- Jalal Bholana Location in Punjab, India Jalal Bholana Jalal Bholana (India)
- Coordinates: 31°19′23″N 75°19′31″E﻿ / ﻿31.322984°N 75.325184°E
- Country: India
- State: Punjab
- District: Kapurthala

Government
- • Type: Panchayati raj (India)
- • Body: Gram panchayat

Population (2011)
- • Total: 1,028
- Sex ratio 548/480♂/♀

Languages
- • Official: Punjabi
- • Other spoken: Hindi
- Time zone: UTC+5:30 (IST)
- PIN: 144602
- Telephone code: 01822
- ISO 3166 code: IN-PB
- Vehicle registration: PB-09
- Website: kapurthala.gov.in

= Jalal Bholana =

Jalal Bholana is a village in Kapurthala district of Punjab State, India. It is located 9 km from Kapurthala, which is both district and sub-district headquarters of Jalal Bholana. The village is administrated by a Sarpanch, who is an elected representative.

== Demography ==
According to the report published by Census India in 2011, Jalal Bholana has total number of 219 houses and population of 1,028 of which include 548 males and 480 females.

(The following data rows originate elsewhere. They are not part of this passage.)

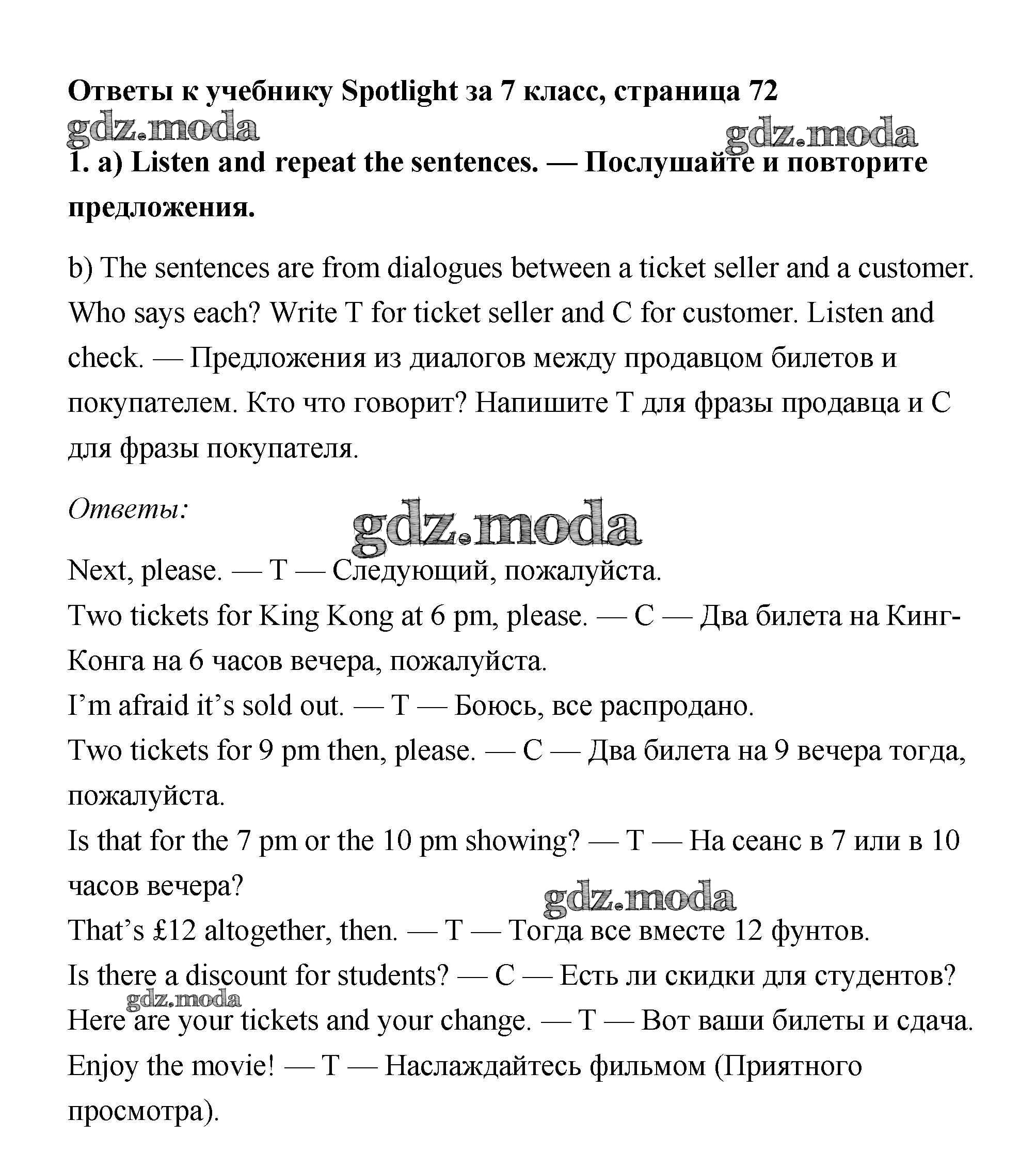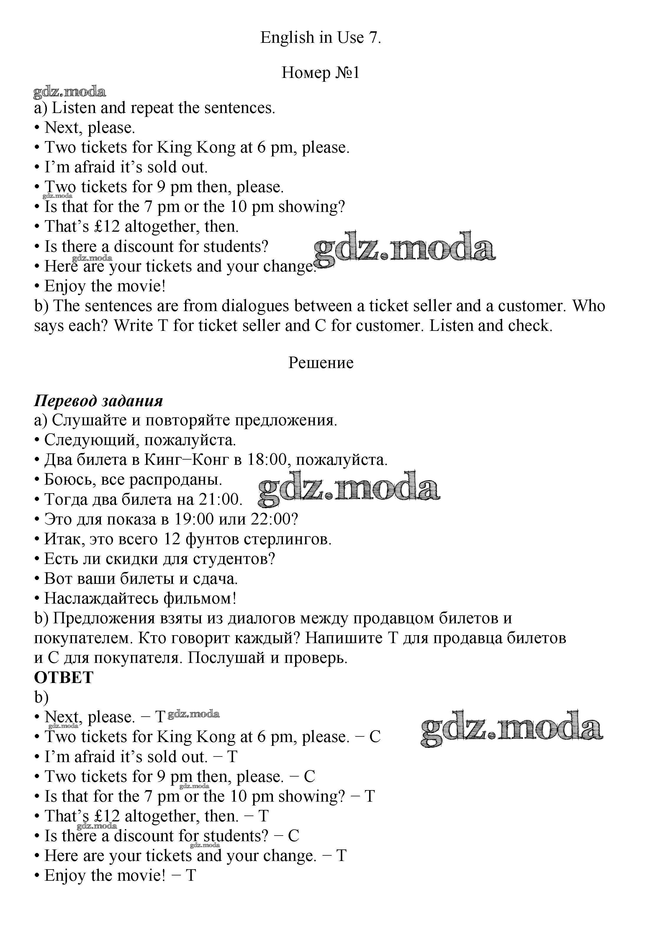 ОТВЕТ на задание № 1 Учебник по Английскому языку 7 класс Ваулина Spotlight
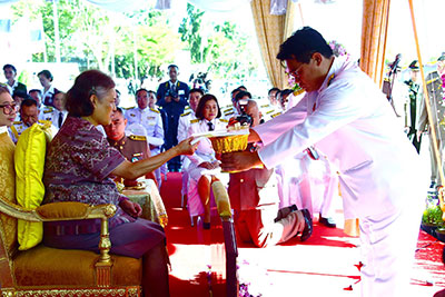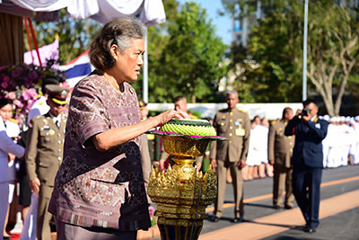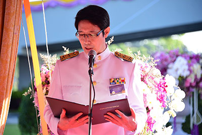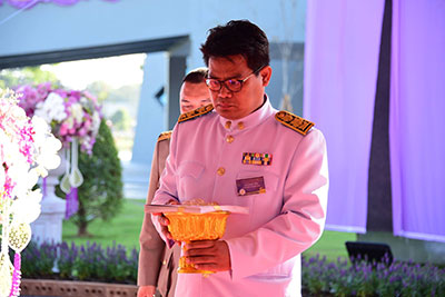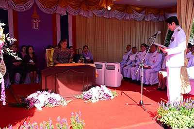 สมเด็จพระเทพรัตนราชสุดาฯ สยามบรมราชกุมารี เสด็จประทับพระราชอาสน์ ผู้ช่วยศาสตราจารย์ ดร.ธีรยุทธ ชาติชนะยืนยง รองอธิการบดีฝ่ายอำนวยการ มหาวิทยาลัยมหาสารคาม กราบบังคมทูลถวายรายงานความเป็นมาการจัดสร้างอาคารเฉลิมพระเกียรติในโอกาสฉลองพระชนมายุ 5 รอบ 2 เมษายน 2558จากนั้น เสด็จออกจากพลับพลาพิธี ไปยังแท่นทรงกดปุ่มไฟฟ้าเปิดแพรคลุมป้าย อาคารเฉลิมพระเกียรติในโอกาสฉลองพระชนมายุ 5 รอบ 2 เมษายน 2558
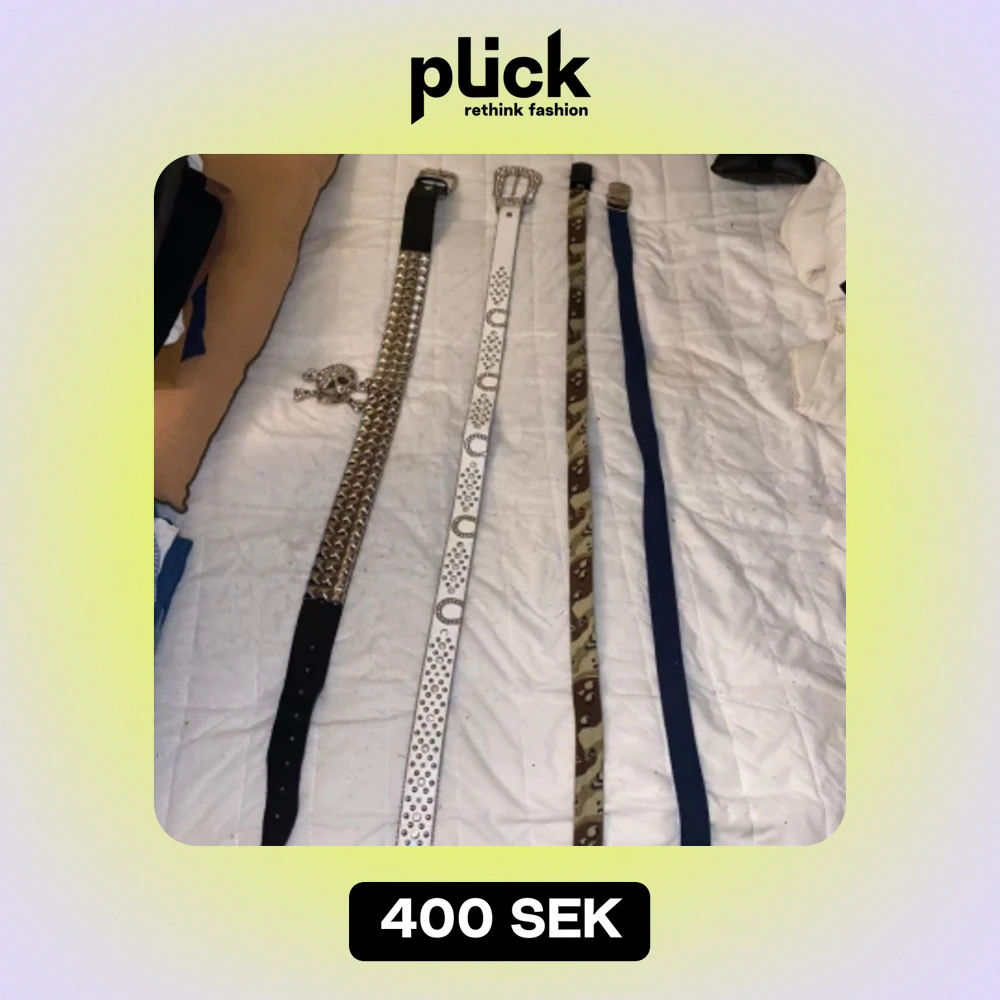 OBS! Bara dom två bältena till höger och dödskallen kvar!! Säljs för 50kr styck:) (dödkalle bucklen 100kr)

Literacy rate of Jalal Bholana is 91.91%, higher than state average of 75.84%. The population of children under the age of 6 years is 89 which is 8.66% of total population of Jalal Bholana, and child sex ratio is approximately 1225, higher than state average of 846.

== Population data ==

| Particulars | Total | Male | Female |
|---|---|---|---|
| Total No. of Houses | 219 | - | - |
| Population | 1,028 | 548 | 480 |
| Child (0-6) | 89 | 40 | 49 |
| Schedule Caste | 238 | 132 | 106 |
| Schedule Tribe | 0 | 0 | 0 |
| Literacy | 91.91 % | 96.06 % | 87.01 % |
| Total Workers | 400 | 318 | 82 |
| Main Worker | 305 | 0 | 0 |
| Marginal Worker | 95 | 49 | 46 |

==Air travel connectivity==
The closest airport to the village is Sri Guru Ram Dass Jee International Airport.